Several electrode geometries, including but not limited to axial electrodes or radial electrodes, may be employed to optimize the flow, discharge, and electrode erosion properties of the switch. One preferred embodiment, an inline switch with radial insulator, is depicted in FIG. 1. A high voltage pulse is applied to input electrode 10, which is preferably supported by high voltage insulator 20, which is preferably designed to operate at high voltage and high pressures simultaneously. An electric field is generated between the input electrode 10 and output electrode 30. Electrodes 10, 30 are preferably substantially hemispherical. Switch cavity 40 is filled with liquid dielectric at a pressure significantly higher than atmospheric pressure, preferably between about 1000 and 2000 psig. The electric field causes the liquid dielectric between input electrode 10 and output electrode 30 to break down, enabling current to flow between the electrodes, thereby closing the switch. The current flow and resulting plasma causes the high pressure dielectric to form debris comprising carbon and other byproducts between the electrodes. Flowing dielectric enters the switch through inlet 50, preferably flows through hollow electrodes 10, 30 in the direction indicated by the arrow, and exits the switch via outlet 60. The dielectric preferably flows through a recirculating system (not pictured), more fully described below. This flow sweeps the debris out from the center of the electrodes. The breakdown voltage of the switch is determined by the electrode spacing, which is preferably adjusted by moving output electrode 30. Output electrode 30 preferably comprises a threaded assembly to facilitate this adjustment. Sight ports 70, 70′ are preferably used to view and/or record the breakdown process and clearing time of the debris.
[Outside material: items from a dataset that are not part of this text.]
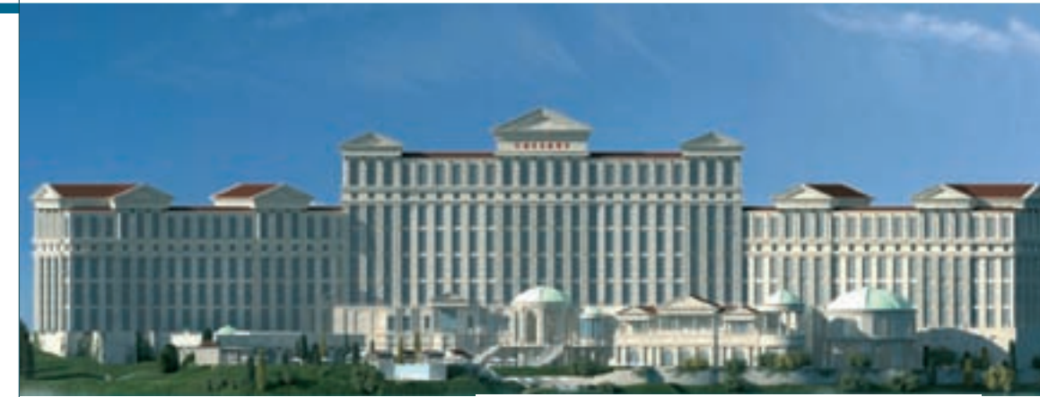
Model of the future Hotel Casino, a true copy of its Vegas counterpart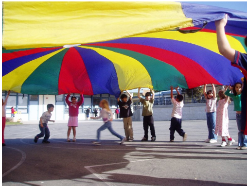
First Grade P.E.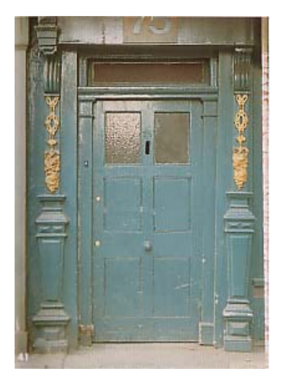
Traditional joinery should be preserved insitu and repaired where necessary.

K.3 If double glazing is desired then internal secondary glazing behind the existing windows can be used without adversely affecting the external appearance of a building. On an unlisted building planning permission would not normally be required for this work. On listed buildings, listed building consent may be necessary.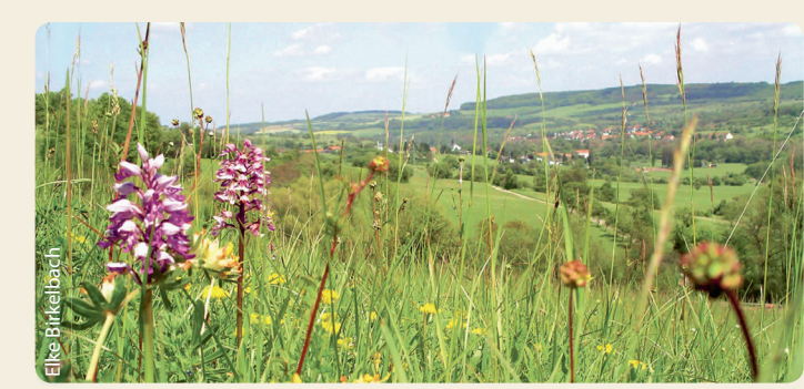
Gersheim Orchid Area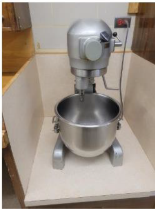
Commercial Hobart Mixer. Free-standing mixer is ideal for mixing recipes multiplied for bulk cooking. Three speed settings. Lever lowers and raises bowl to accommodate mixing and adding ingredients as well as removal of bowl for transfer of mixture to baking pans or serving dishes. Comes with two sizes of bowls, two wire whisks (large one has some missing wires), two whipping paddles, and one dough hook.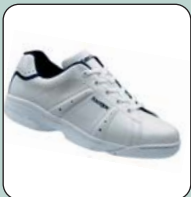
Sport golf shoe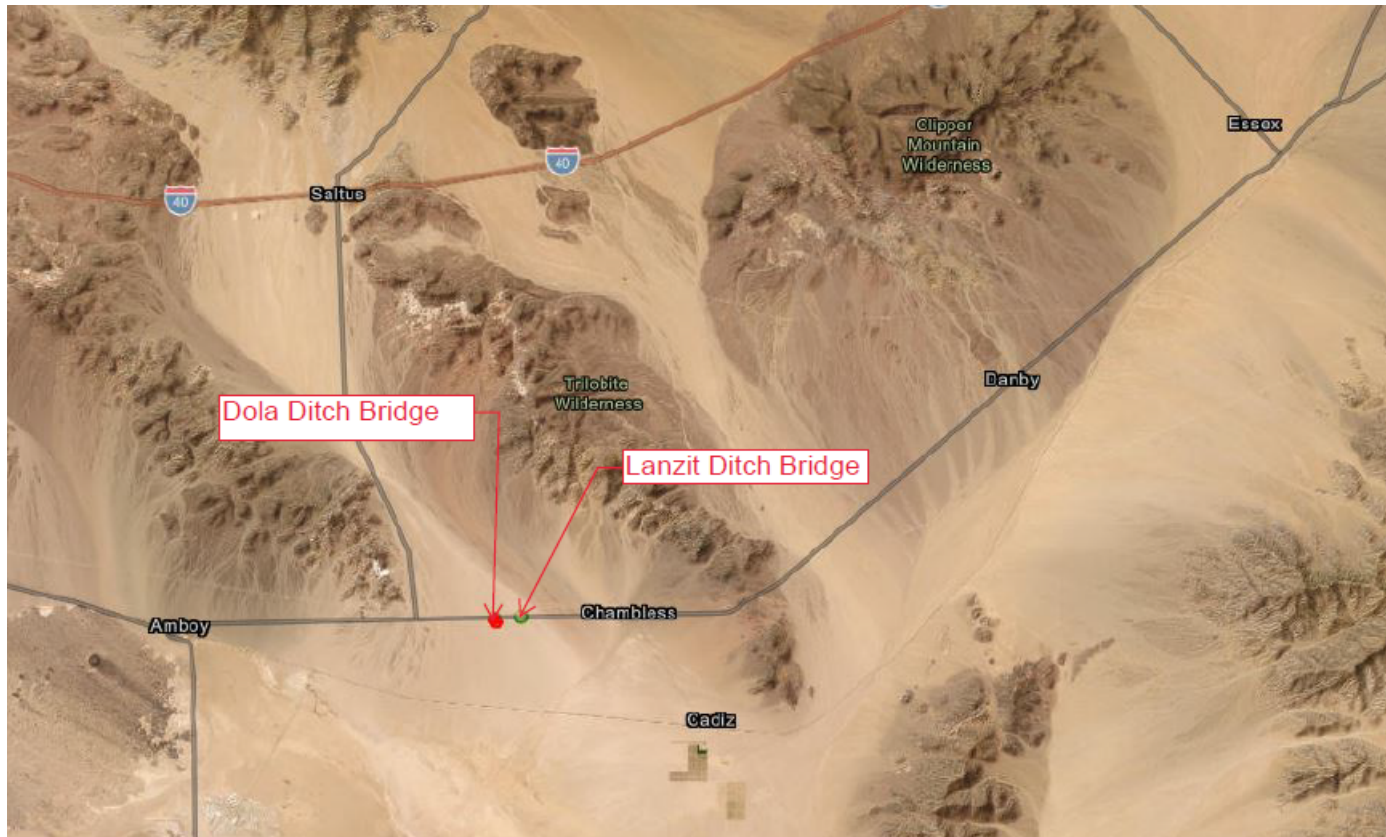
Figure 1: Vicinity Map 9

FIG. 2 depicts a switch of the present invention having coaxial switch geometry. High voltage is applied to input electrode 100, which are preferably designed to be replaceable. Output electrode 110 is isolated from input electrode 100 by the high pressure liquid dielectric in breakdown region 120, which is preferably contained by annular high pressure insulator 130. One or more field shapers 140 are preferably used to control the electric field distribution across insulator 130. Gap adjuster 150 is preferably threaded and is preferably used to adjust the gap spacing between input electrode 100 and output electrode 110. Micro-bubbles and breakdown contaminants in the liquid dielectric formed by the conducting plasma, which occurs during breakdown of the dielectric, are swept out of breakdown region 120 by the flowing dielectric.

Multiple dielectric flow paths may be utilized. Axial flow dielectric preferably enters the switch through axial flow inlet 160 and enters cavity 180 through input electrode channel 170. Cylindrical flow dielectric optionally enters the switch through cylindrical flow inlet 200 and enters cavity 180 through cylindrical flow channel 210. A plurality, preferably twelve, of cylindrical flow inlets 200 and cylindrical flow channels 210, preferably circumferentially arranged around the switch, and preferably evenly spaced, may be employed. The cylindrically flowing dielectric facilitates the removal from breakdown region 120 of the carbon and other breakdown byproducts. Dielectric from cavity 180 exits the switch through output electrode 110 via dielectric outlet 190. The axial flow topology may optionally operate in a “jet pump” mode, whereby the axial flow dielectric from entering cavity 180 from channel 170 has a high enough flow rate so that the dielectric media surrounding the electrodes, optionally partly comprising dielectric entering cavity 180 from cylindrical flow channels 210, is “pulled” radially into gap cavity 180 and exits axially through outlet 190. In the jet pump mode the flow may be provided by the main dielectric pumping system or alternatively by a separate, smaller system used solely for pumping the axial flow dielectric.

Fast switching times are accomplished preferably by utilizing outer coaxial return 220, which is substantially cylindrically disposed about the switch, thereby reducing the overall inductance of the switch. Outer coaxial return 220 is preferably connected via an electric load to the output electrode assembly.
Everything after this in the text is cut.